Positive Economic Definitions
Positive economics is a branch of economics that has an objective approach based on facts. It analyzes and explains the usual relationships between variables. This explains to people how the country's economy operates. The positive economy is alternatively known as a pure economy or a descriptive economy.
When scientific methods are applied to economic phenomena and the problem of scarcity is related, it is a positive economy. Statements based on the positive economy consider what is actually happening in the economy. This helps policymakers to decide whether a proposed action, will be able to fulfill our goals or not. In this way, they accept or reject the statement.
The normative economy demonstrates how the economy should operate. This is also known as economic policy because it takes into account individual opinions and preferences. Therefore, the statement cannot be substantiated right or wrong.
After looking at both branches of the economy, we can say that these two branches are not contradictory but complementary, and both should go hand in time. While laying the law and theory, the economy should be treated as a positive science, but at the time of practical application, the economy should be treated as normative science.
Normative Economic Sense
An economy that uses value assessment, opinion, trust is called the normative economy. This economic branch considers the value and outcome in the statement stating, ' What should be the thing '. It combines subjective analysis and focuses on theoretical situations.The normative economy demonstrates how the economy should operate.
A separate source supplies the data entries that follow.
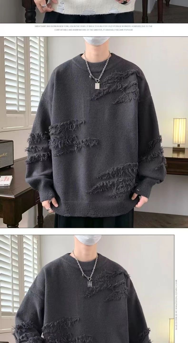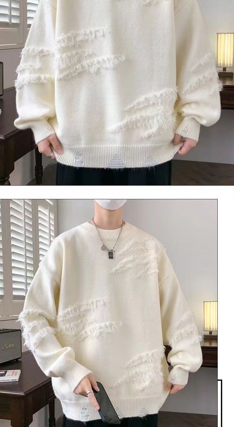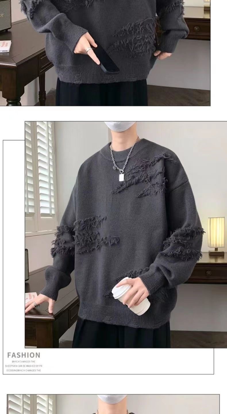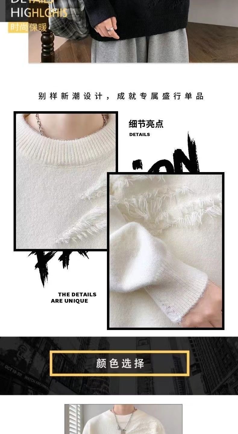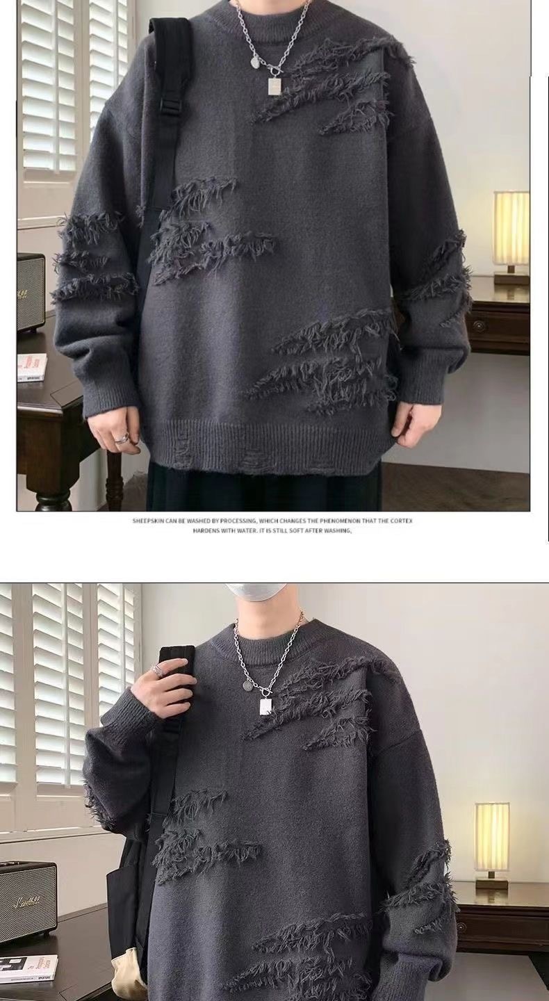 독특한 크루넥 스웨터 남자 가을 겨울 2023 기모 두꺼운 니트 스웨터 남자 레트로 게으른 스웨터 재킷스토어 가기
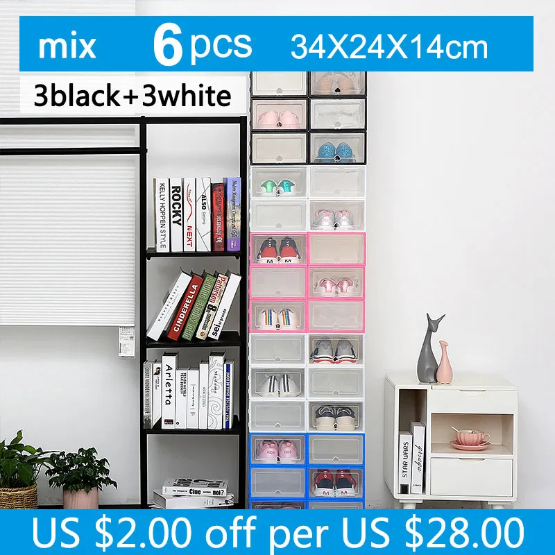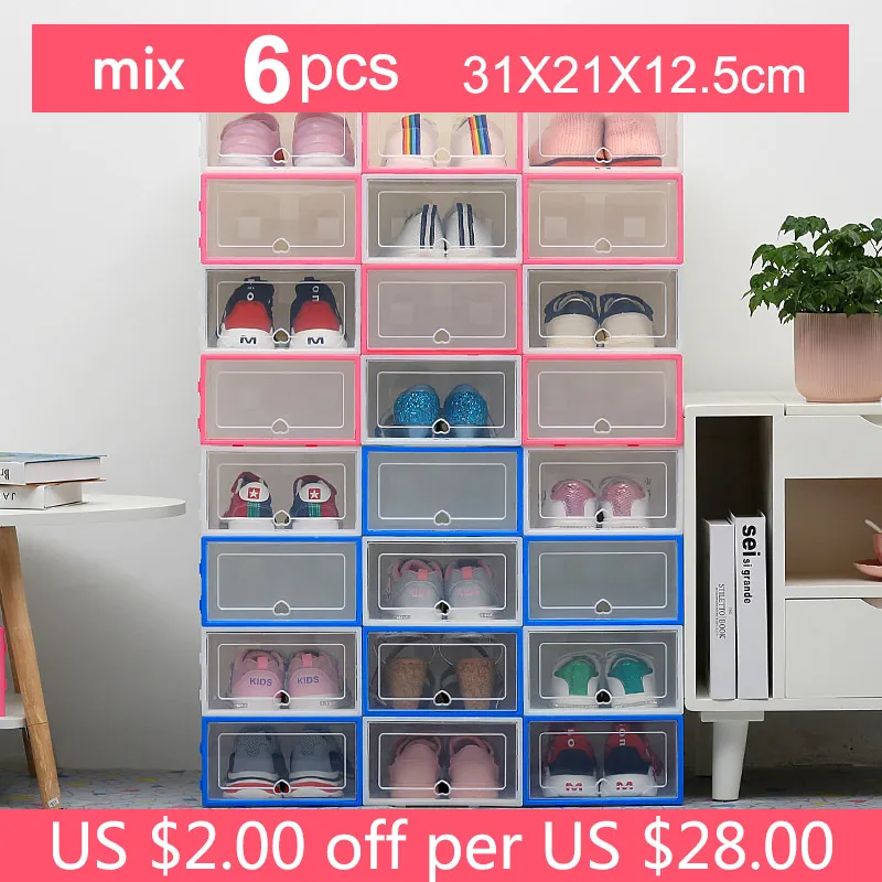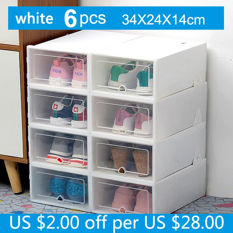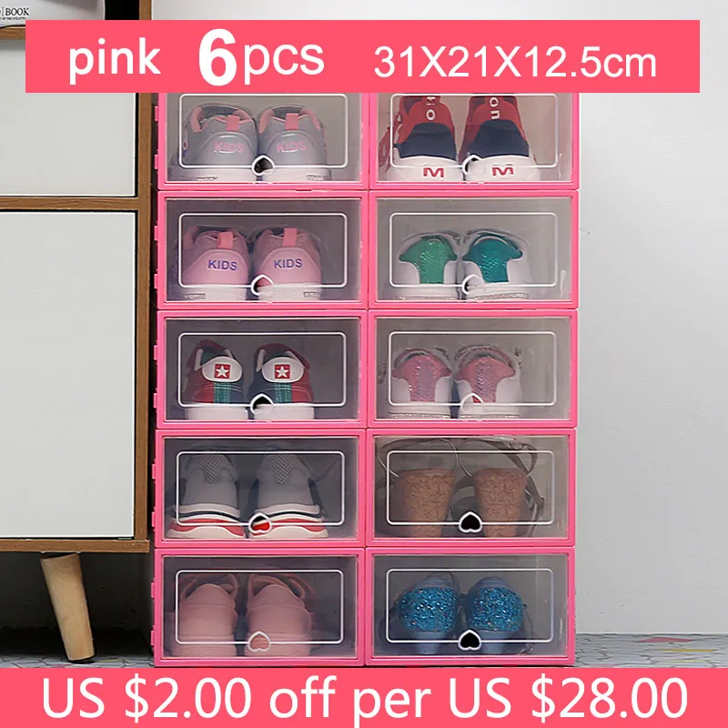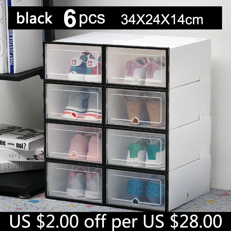 please choose correct warhouse so that you can get goods fast. Set of 6 | 6pcs 1 order 6 ps Transparent shoe box dustproof storage box can be superimposed combination shoe cabinet Clamshell men and women shoe box desktop storage shoebox 2 size avilable : 31*21*12.5 cm | 34*24*14 cm Material: Plastic (PP) | Weight: 450g | Color: white ,black ,pink |
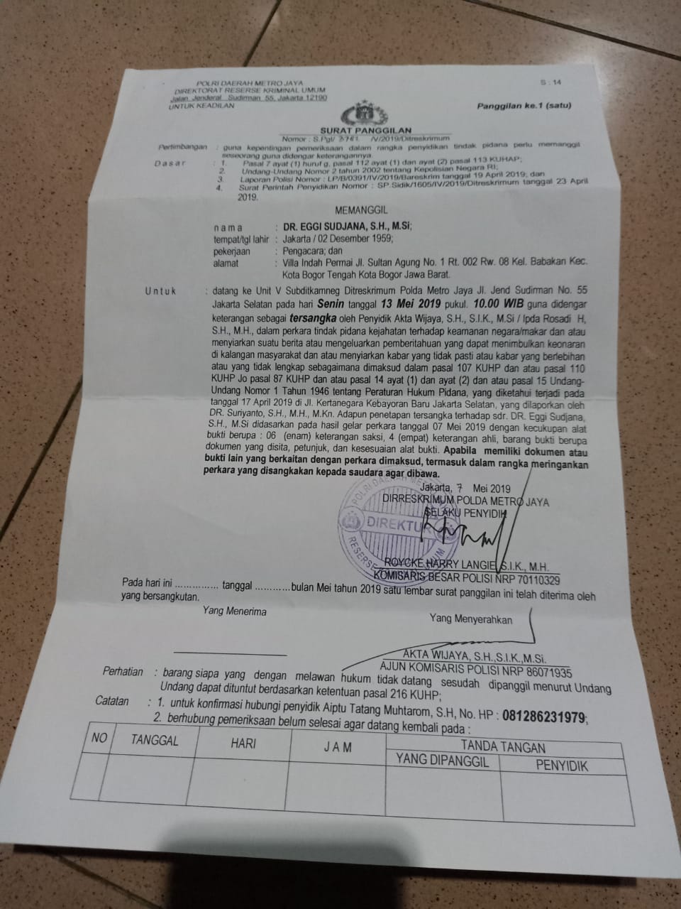 Surat tersebut, kata Eggi, adalah panggilan pemeriksaan dari penyidik Direktorat Reserse Kriminal Umum Polda Metro Jaya bernomor S.Pgl/3782/III/2019/Ditreskrimum. Eggi menyatakan dirinya diminta datang untuk diperiksa sebagai tersangka oleh penyidik pada 13 Mei 2019 pukul 10.00 WIB.

This is also known as economic policy because it takes into account individual opinions and preferences. Therefore, the statement cannot be substantiated right or wrong.
The Difference Between Positive and Normative Economics
The important difference between the positive and normative economics is explained in the following points:- Positive economics refers to the science that is based on data and facts. The normative economy is described as a science-based on opinion, value, and judgment.
- The positive economy is descriptive, but the normative economy is prescriptive.
- The positive economy explains the cause and effect relationship between variables. On the other hand, the normative economy provides value assessment.
- A positive economic perspective is an objective, whereas the normative economy has a subjective perspective.
- The positive economy explains ' what it is ' whereas the normative economy explains ' what it should be '.
- Positive economic statements can be tested, substantiated, or scientifically proven, which cannot be done with normative economic statements.
- Economic positives clearly define economic problems. Unlike the normative economy, where solutions are provided for economic problems, based on value assessment.
After looking at both branches of the economy, we can say that these two branches are not contradictory but complementary, and both should go hand in time. While laying the law and theory, the economy should be treated as a positive science, but at the time of practical application, the economy should be treated as normative science.